Bajo el ala de un ciclón








ESPALDA. Llamada a los traumatólogos, fisioterapeutas y osteópatas: enderezad a Pablo Iglesias. Carga sobre sus espaldas el peso de España.


YANQUI. Podemos. Ganemos. Primera persona del plural del presente de indicativo. Primera persona del plural del imperativo. Aunque la terminación sea la misma, la intención es distinta. Uno y otro, hijos del we can de Obama. Hijos del imperialismo yanqui, en el viejo lenguaje que Iglesias resucita.


RESINA. Hace muchos años de aquel viaje a Cuba. No salió bien. Imposible pasear por La Habana sin que se pegase alguna de las sanguijuelas que se autodenominaban guías (no lo eran).
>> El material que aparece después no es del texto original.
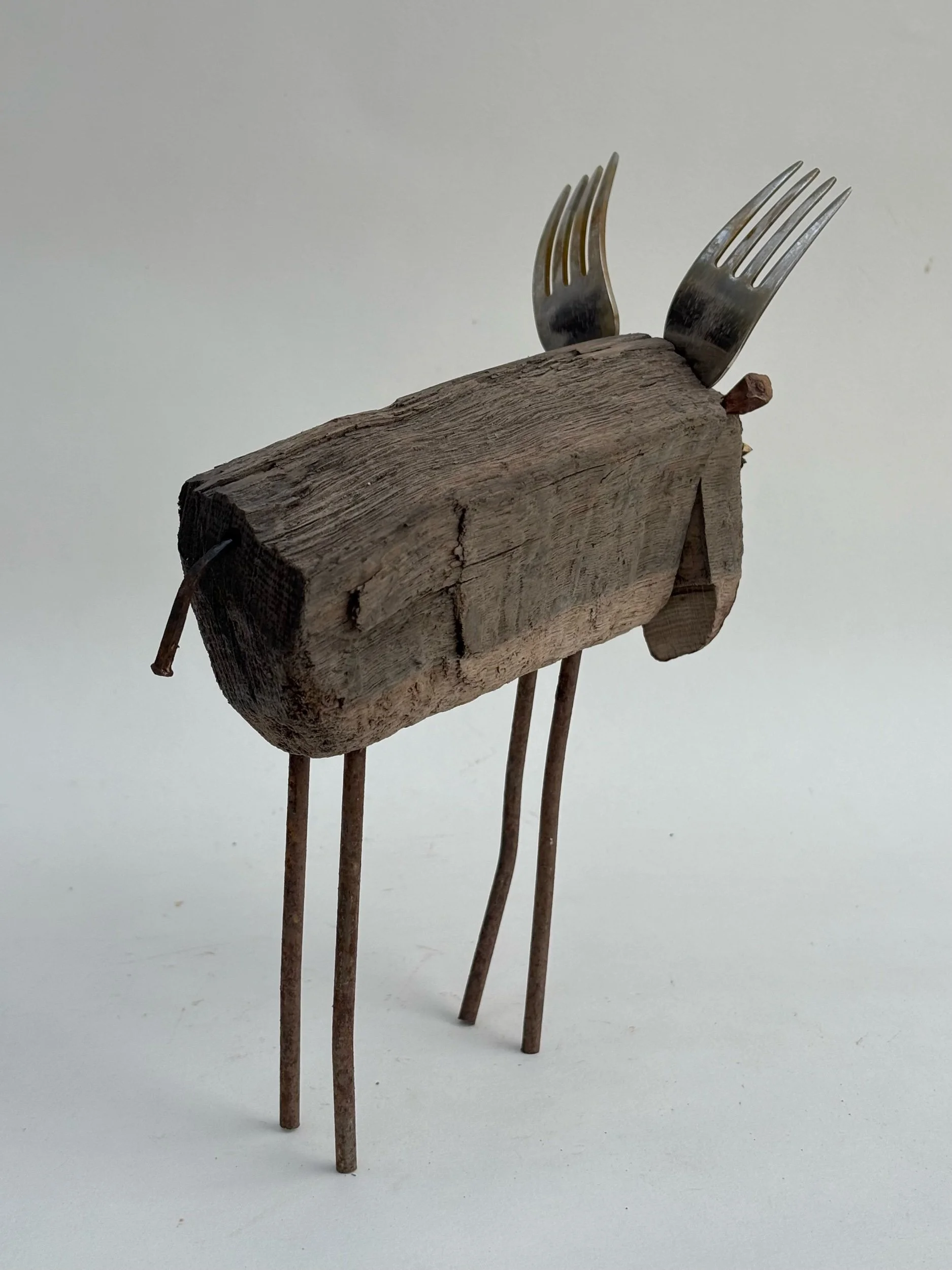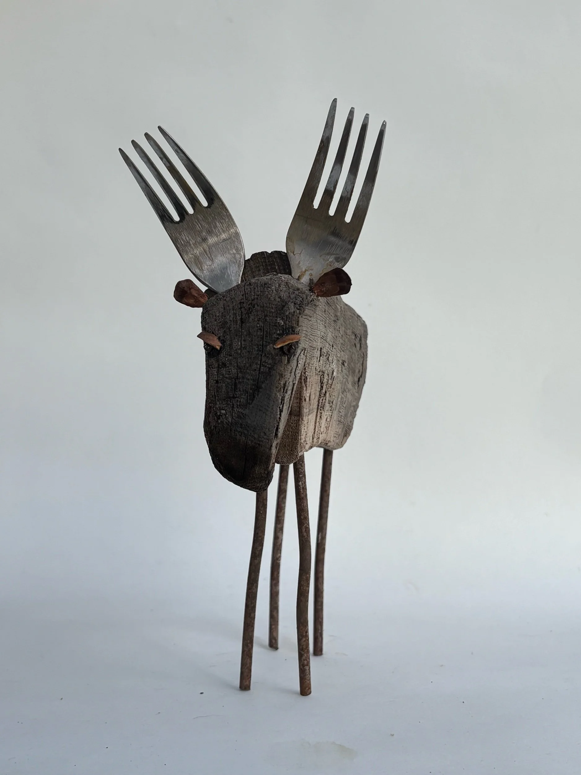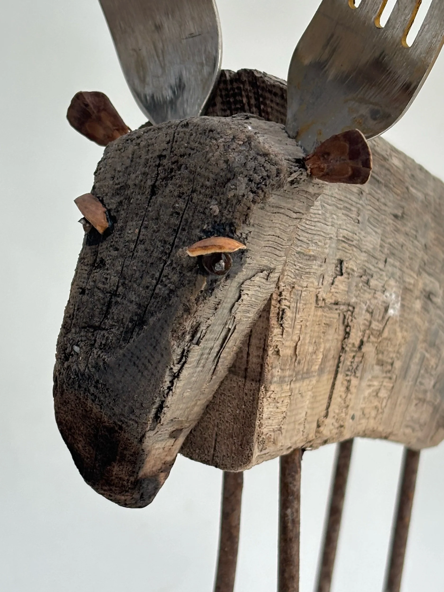 Wonderful moose made from driftwood and reclaimed materials (including fork antlers).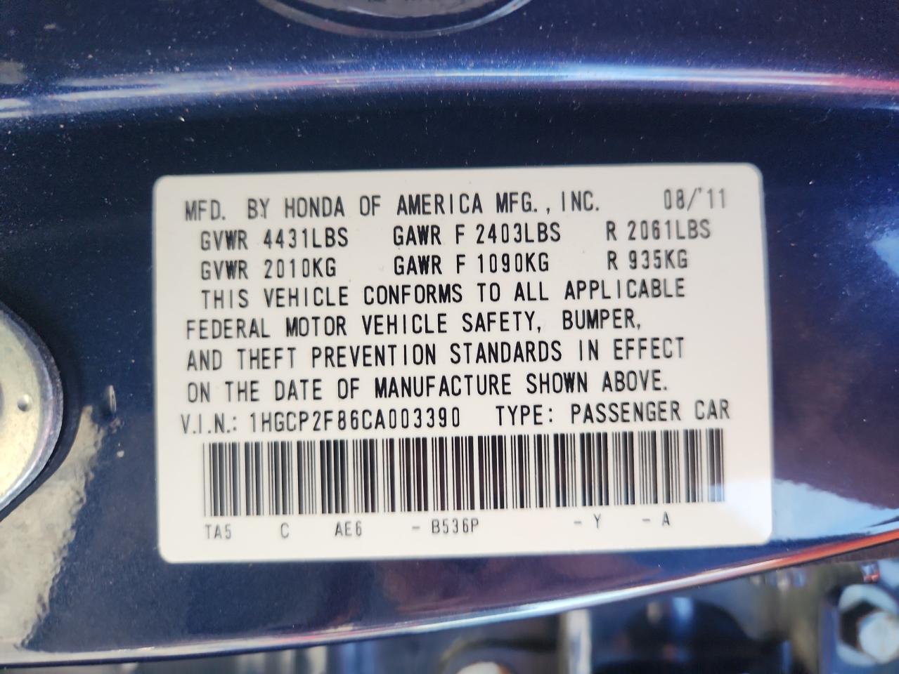 Автомобиль 2012 года — отличное сочетание качества, надёжности и выгоды. Компания Royal Motors предлагает пригнать HONDA ACCORD из США под ключ: мы проверяем авто по VIN (1HGCP2F86CA003390), организуем доставку, растаможку и при необходимости выполняем ремонт на собственном СТО в Киеве. Модель имеет цвет Синий, работает на Бензин, оснащена двигателем 2.4 и приводом . С Royal Motors вы получаете полностью проверенный автомобиль с прозрачной историей и выгодной ценой.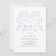 Este convite de chá de fraldas de coquetel e bonitinho apresenta um arco/fita azul desenhado manualmente. O verso apresenta um fundo branco com xadrezes/verificações de gingham azuis. Personalize-o para as suas necessidades. Você pode encontrar produtos correspondentes na minha loja.
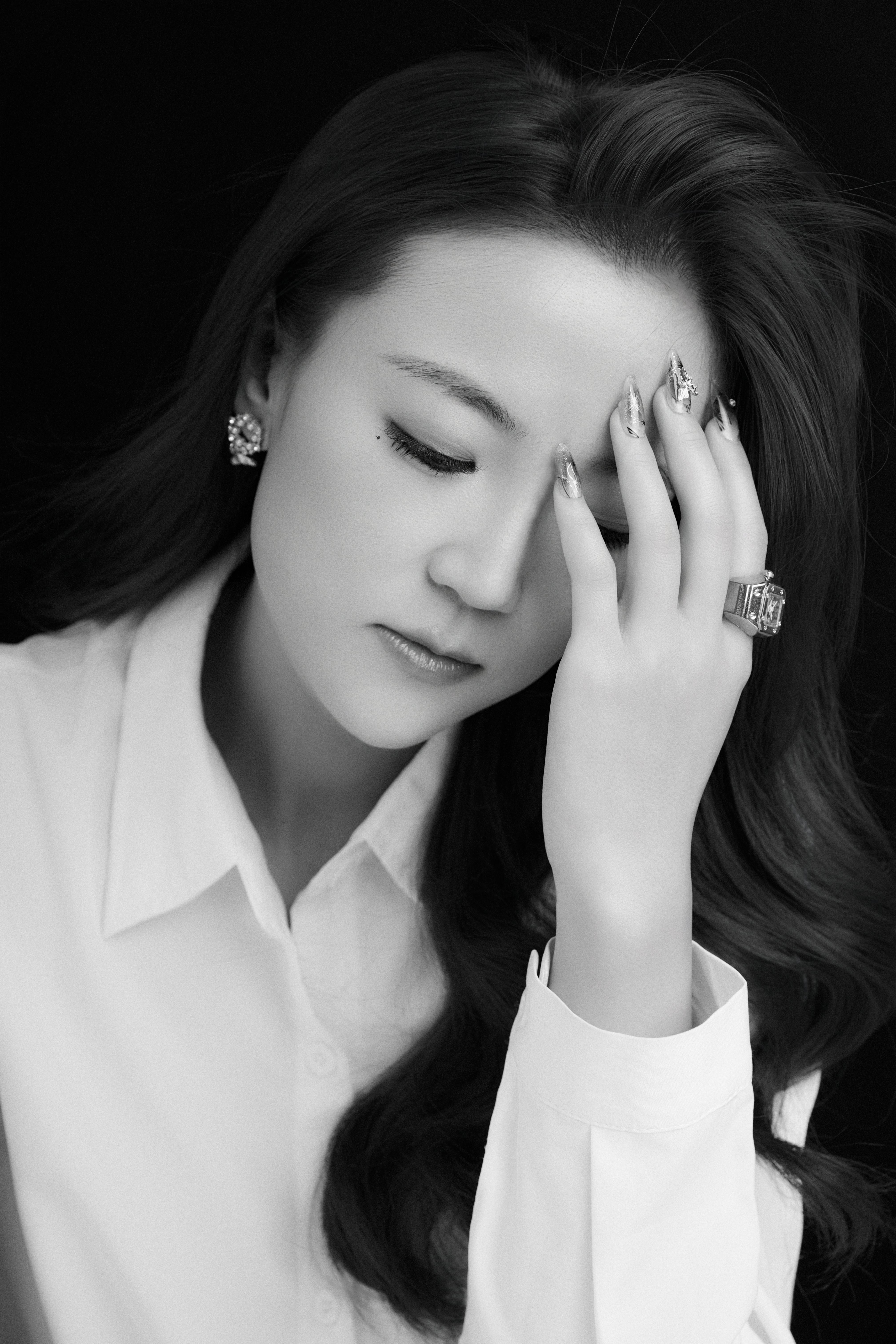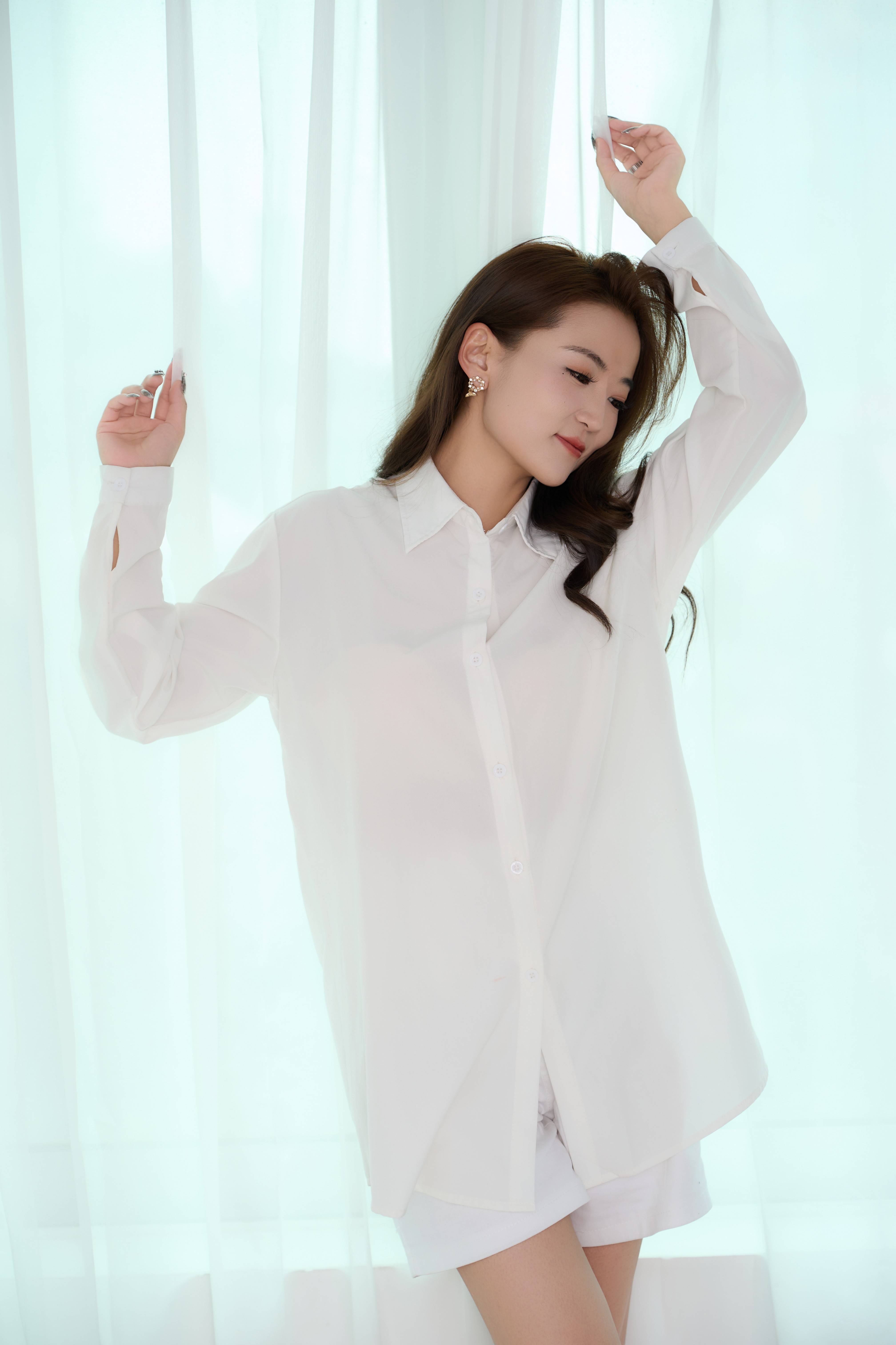 转身换一件白衬衫,又成了另一种模样。 不是职场里板正的白,是像刚拆封的棉絮那样,带着呼吸感的白。她蜷在铺着绒毯的窗边,衬衫下摆松松垮垮盖过腰线,露出的小腿线条是漫不经心的软;指尖勾着窗帘纱的动作,又掺了点不自知的甜。可当镜头拉进,她垂眼抵着眉心时,衬衫领口的褶皱里,又漫出点清冽的距离感 —— 像初夏清晨的风,软和凉都刚好落在人心尖上。

En ningún otro lugar del mundo me había sentido un dólar con patas. En la recepción del hotel preguntaban por el Rey y en el Malecón, por Mario Conde. Entablar conversación con ellos era tocar resina.


VASCO. Después de tomar un daiquiri en El Floridita y honrar la memoria de Hemingway, esa mitología empalagosa y azucarada hacia alguien que se pegó un tiro, andamos por la calle Obispo, apartando a los plastas que quería adherirse a cambio de dólares. Ser libre en el país preso estaba resultando hercúleo. ¿A cuántos de los merodeadores dije que ‘no’? La caminata se acercaba a la violencia. La frase del acosador número 20 o 25 fue gloriosa: “Vasco, vasco malo, mira que eres malo. Hay diez millones de cubanos y con alguno te encontrarás”. ¡Vasco! ¿Qué le habrían hecho los vascos a este hombre? Encontramos a otros, amables, cariñosos, gente que no quería de nosotros más que nosotros de ellos.


TURISTA. Obama, el de we can o podemos, conseguirá, al fin, conquistar la isla. De bahía de Cochinos (la fracasada operación de conquista de 1961) a un futuro Hotel Cochinos Luxury Resort. Los turistas son los modernos marines. Si planeas una invasión, mejor enviar a tipos con chancletas que a soldados con pertrechos. A la larga, resultan más dañinos.


TRENZA. En esos días de septiembre de 1998 nos evacuaron de Santiago, donde un tironero había intentado robarnos la cámara, por la llegada del huracán Georges. De madrugada, volamos en un avión de papel tras dejar atrás un aeropuerto preparado para la devastación, con las cristaleras cubiertas por maderos. Agobiados por quedarnos encerrados en La Habana, logramos llegar a Varadero. La noche que pasábamos bajo el ala del ciclón es difícil de olvidar. Nos atrincheramos en el bungalow de un hotel sin persiana, con un cristal protegido por aspas de cinta americana para combatir las ventadas de 120 kilómetros por hora. No quise dormir para saber cuándo saldríamos volando. Por si la tensión era insuficiente, una palmera se empeñó en dar cabezazos a la ventana. Con el amanecer, el aire perdió vigor, si bien la ira de Georges –el presidente de EEUU era Bill Clinton, entre los dos Bush, los Georges– duró unos días. Los peces habían huido y las algas eran las trenzas del oleaje. La playa había sido devastada. Una de esas playas por la que comienzan las invasiones.